─── Information provided ───
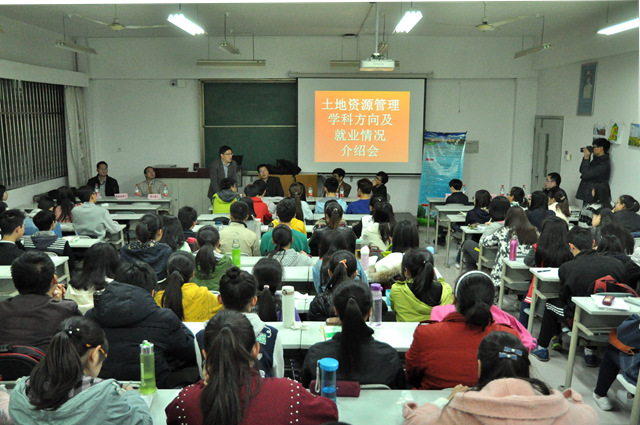 为2015级学生专业分流填报志愿提供建议,使其明确自身发展方向,德赢官网于3月29日晚在北校区八号楼举办土地资源管理专业宣讲会。夏显力教授,李世平教授,赵凯教授,南灵副教授等10名教师出席,工商管理学类专业学生200余人参加。
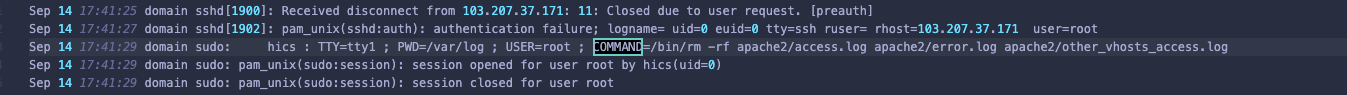 Sep 14 17:36:34 domain sudo: hics : TTY=tty1 ; PWD=/home/hics ; USER=root ; COMMAND=/sbin/mkfs -t ext4 /dev/sdb1 Sep 14 17:36:35 domain sudo: hics : TTY=tty1 ; PWD=/home/hics ; USER=root ; COMMAND=/sbin/mkfs -t ext4 /dev/sdb2 Sep 14 17:41:29 domain sudo: hics : TTY=tty1 ; PWD=/var/log ; USER=root ; COMMAND=/bin/rm -rf apache2/access.log apache2/error.log apache2/other_vhosts_access.log Sep 14 17:41:50 domain sudo: hics : TTY=tty1 ; PWD=/ ; USER=root ; COMMAND=/bin/mount /dev/sdb1 /home/hics/ Sep 14 17:42:03 domain sudo: hics : TTY=tty1 ; PWD=/ ; USER=root ; COMMAND=/bin/mount /dev/sdb2 /var/log/apache2/
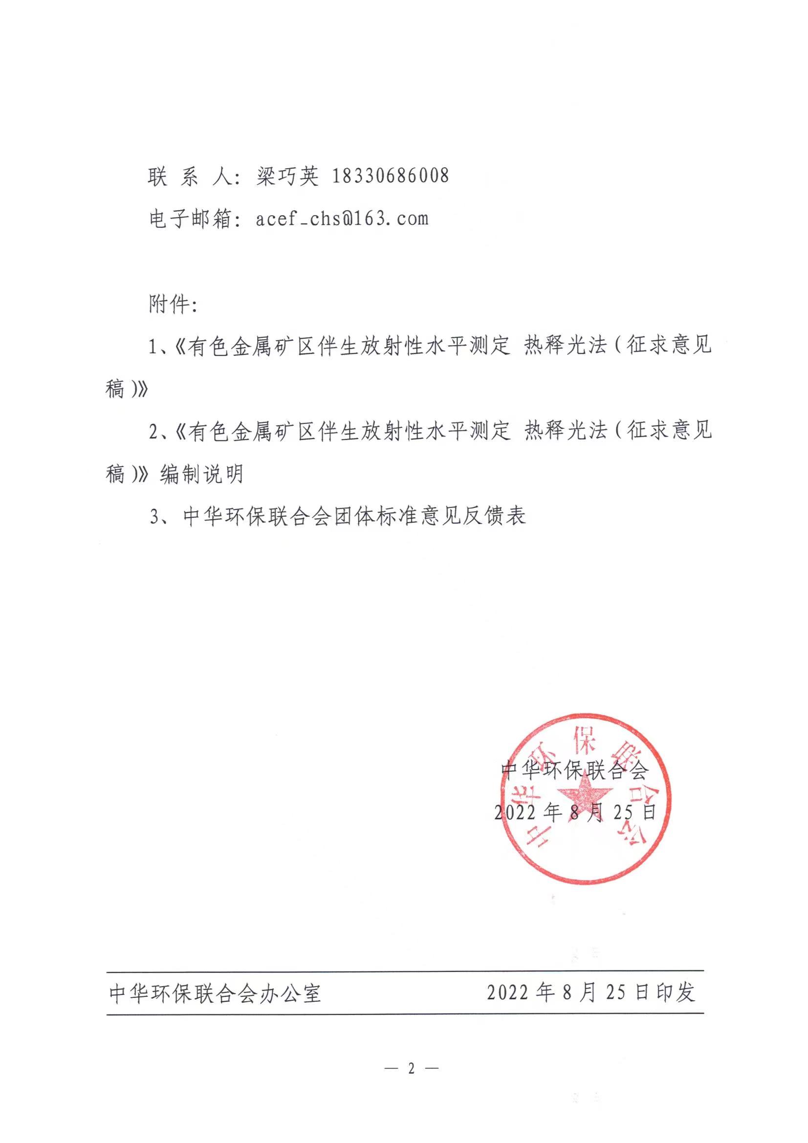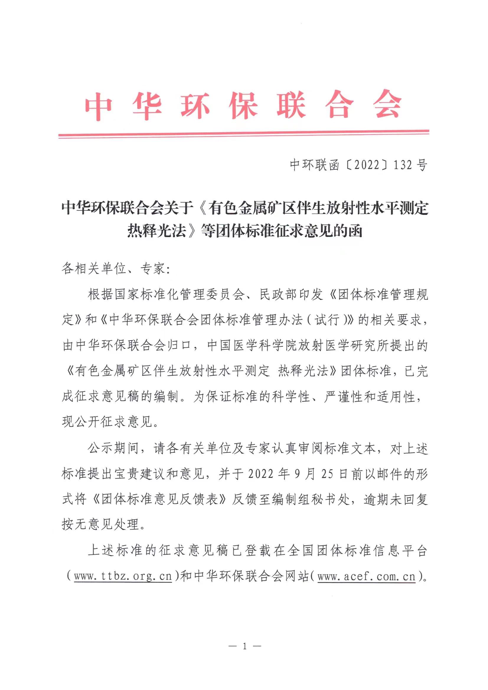 关于《有色金属矿区伴生放射性水平测定 热释光法》团体标准征求意见的函
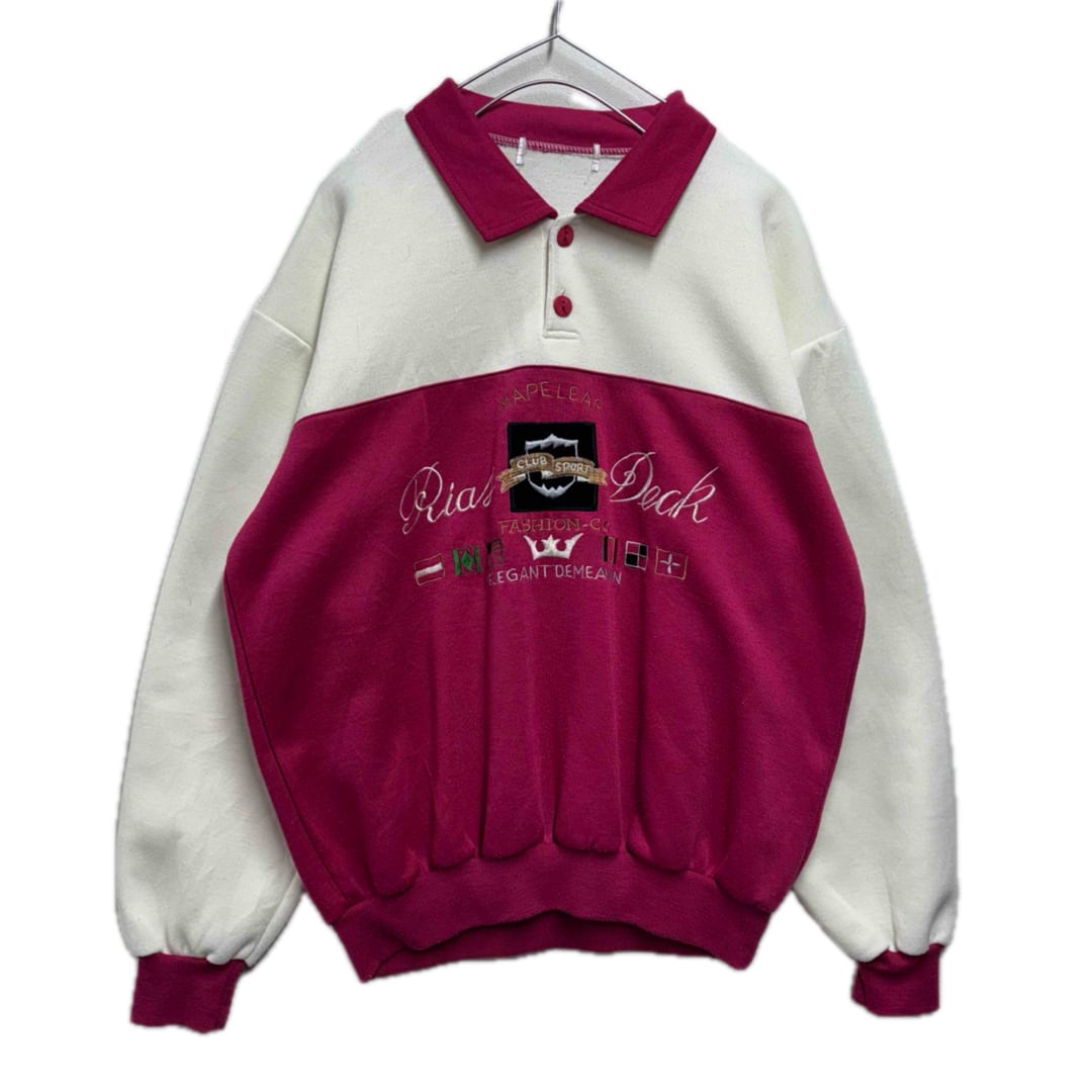 90s カラーブロック ポロスウェット 刺繍ロゴ レディースM相当
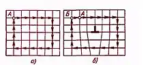 Мерой искажения служит так называемый вектор Бюргерса. Он получается, если в реальном кристалле обойти контур, который был бы замкнутым в идеальном кристалле (например, в примитивном кристалле кубической сингонии это контур «n связей вверх, m связей вправо, n связей вниз, m связей влево»), заключив дислокацию «внутрь» контура. Как видно на рисунке, в реальном кристалле контур окажется незамкнутым. Вектор b, который нужен для замыкания контура, называется вектором Бюргерса[1].
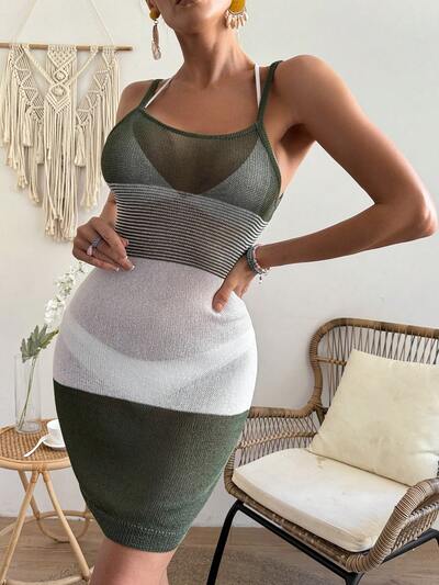 Women's Color-Block Knitted Spaghetti Strap Sweater Dress-65%
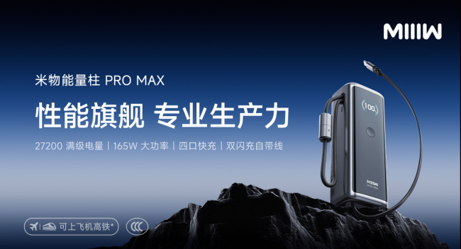 2026 年 4 月 24 日,米物科技正式推出旗舰级高性能充电宝——能量柱 Pro Max,以 165W 顶级功率、27200mAh 超大容量、双线全能设计与全场景安全防护,重点满足户外摄影、专业创作、商务差旅等高频用电需求,用专业级移动补能方案开启全民充电升级时代。
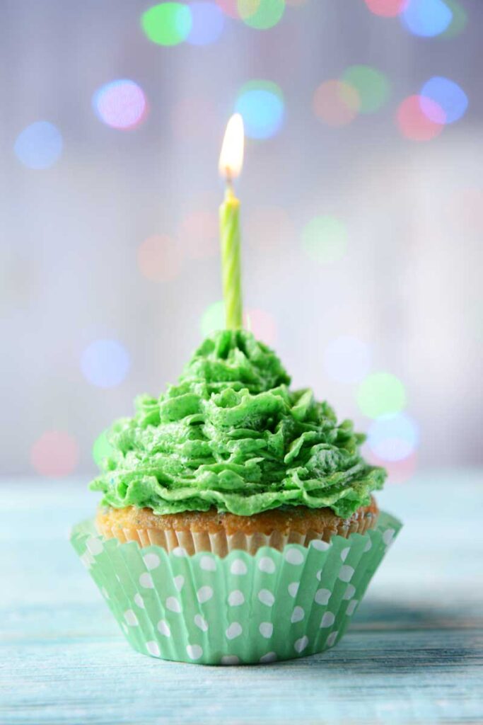 cupcake with lighted candle for employee birthdays
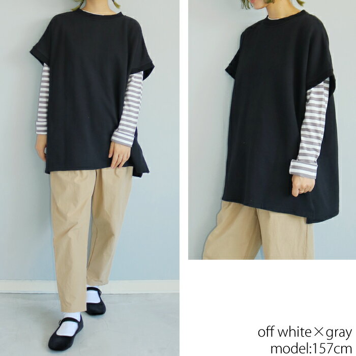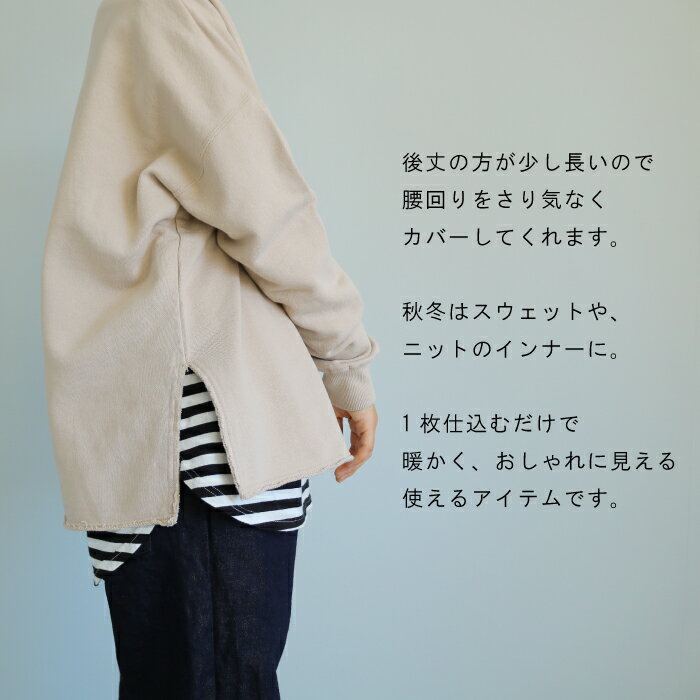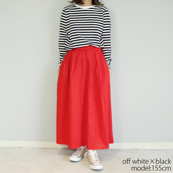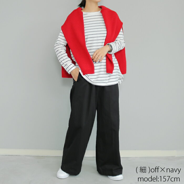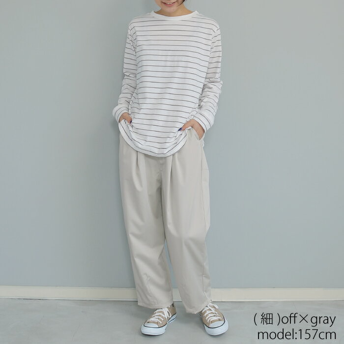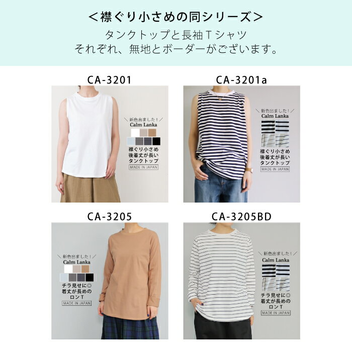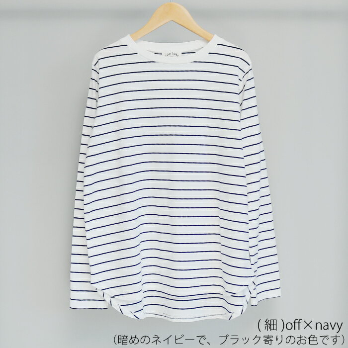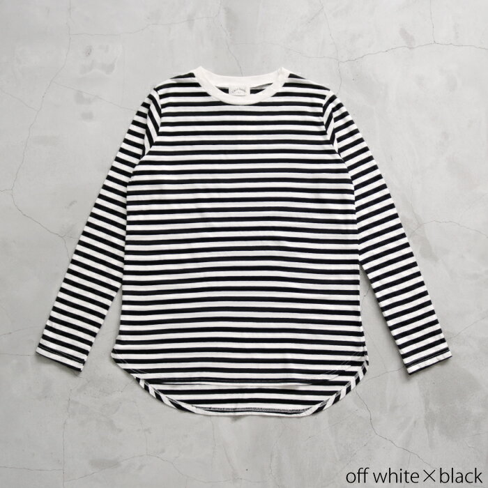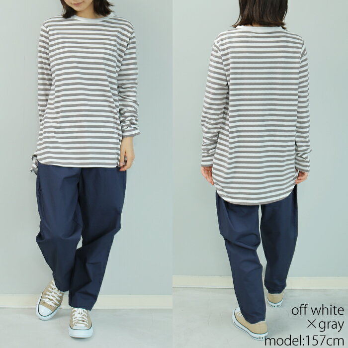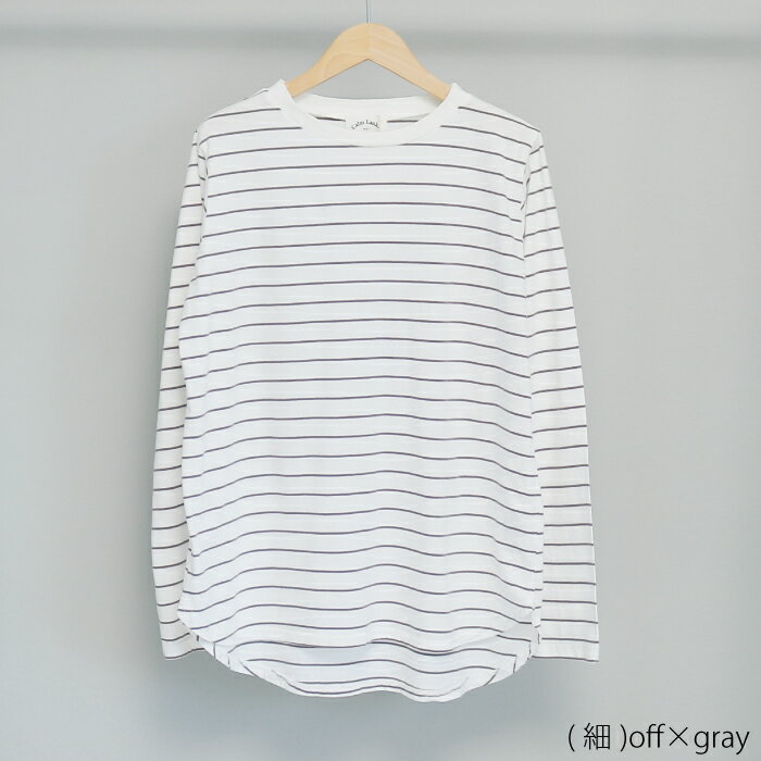 【日本製】【レターパック対応可】襟ぐり小さめ 着丈長め ボーダーロンT 長袖 Tシャツ トップス カットソー シンプル 重ね着 チラ見せ インナー レイヤード オフホワイト グレー ブラック 大人カジュアル ナチュラル 春夏 秋冬 レディース 綿100% 送料無料 CA-3205bd
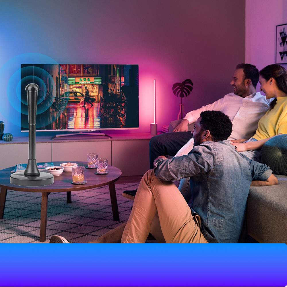 Эта интеллектуальная телевизионная антенна оснащена улучшенным усилителем сигнала. Встроенная интеллектуальная интегрированная схема оптимизирует передачу сигнала, обеспечивая максимальный диапазон до 450 км. Вы можете посмотреть каналы Full HD, 1080p и 4K UHD, а также бесплатно больше местных каналов! Попрощайтесь с высокими ежемесячными телевизионными счетами или спутниковым телевидением!
───
• _Problem requirements_: Apart from the pictures, repeat the data above exactly.

• _Output of the exercise_:
 为2015级学生专业分流填报志愿提供建议,使其明确自身发展方向,德赢官网于3月29日晚在北校区八号楼举办土地资源管理专业宣讲会。夏显力教授,李世平教授,赵凯教授,南灵副教授等10名教师出席,工商管理学类专业学生200余人参加。
 Sep 14 17:36:34 domain sudo: hics : TTY=tty1 ; PWD=/home/hics ; USER=root ; COMMAND=/sbin/mkfs -t ext4 /dev/sdb1 Sep 14 17:36:35 domain sudo: hics : TTY=tty1 ; PWD=/home/hics ; USER=root ; COMMAND=/sbin/mkfs -t ext4 /dev/sdb2 Sep 14 17:41:29 domain sudo: hics : TTY=tty1 ; PWD=/var/log ; USER=root ; COMMAND=/bin/rm -rf apache2/access.log apache2/error.log apache2/other_vhosts_access.log Sep 14 17:41:50 domain sudo: hics : TTY=tty1 ; PWD=/ ; USER=root ; COMMAND=/bin/mount /dev/sdb1 /home/hics/ Sep 14 17:42:03 domain sudo: hics : TTY=tty1 ; PWD=/ ; USER=root ; COMMAND=/bin/mount /dev/sdb2 /var/log/apache2/
 关于《有色金属矿区伴生放射性水平测定 热释光法》团体标准征求意见的函
 90s カラーブロック ポロスウェット 刺繍ロゴ レディースM相当
 Мерой искажения служит так называемый вектор Бюргерса. Он получается, если в реальном кристалле обойти контур, который был бы замкнутым в идеальном кристалле (например, в примитивном кристалле кубической сингонии это контур «n связей вверх, m связей вправо, n связей вниз, m связей влево»), заключив дислокацию «внутрь» контура. Как видно на рисунке, в реальном кристалле контур окажется незамкнутым. Вектор b, который нужен для замыкания контура, называется вектором Бюргерса[1].
 Women's Color-Block Knitted Spaghetti Strap Sweater Dress-65%
 2026 年 4 月 24 日,米物科技正式推出旗舰级高性能充电宝——能量柱 Pro Max,以 165W 顶级功率、27200mAh 超大容量、双线全能设计与全场景安全防护,重点满足户外摄影、专业创作、商务差旅等高频用电需求,用专业级移动补能方案开启全民充电升级时代。
 cupcake with lighted candle for employee birthdays
 【日本製】【レターパック対応可】襟ぐり小さめ 着丈長め ボーダーロンT 長袖 Tシャツ トップス カットソー シンプル 重ね着 チラ見せ インナー レイヤード オフホワイト グレー ブラック 大人カジュアル ナチュラル 春夏 秋冬 レディース 綿100% 送料無料 CA-3205bd
 Эта интеллектуальная телевизионная антенна оснащена улучшенным усилителем сигнала. Встроенная интеллектуальная интегрированная схема оптимизирует передачу сигнала, обеспечивая максимальный диапазон до 450 км. Вы можете посмотреть каналы Full HD, 1080p и 4K UHD, а также бесплатно больше местных каналов! Попрощайтесь с высокими ежемесячными телевизионными счетами или спутниковым телевидением!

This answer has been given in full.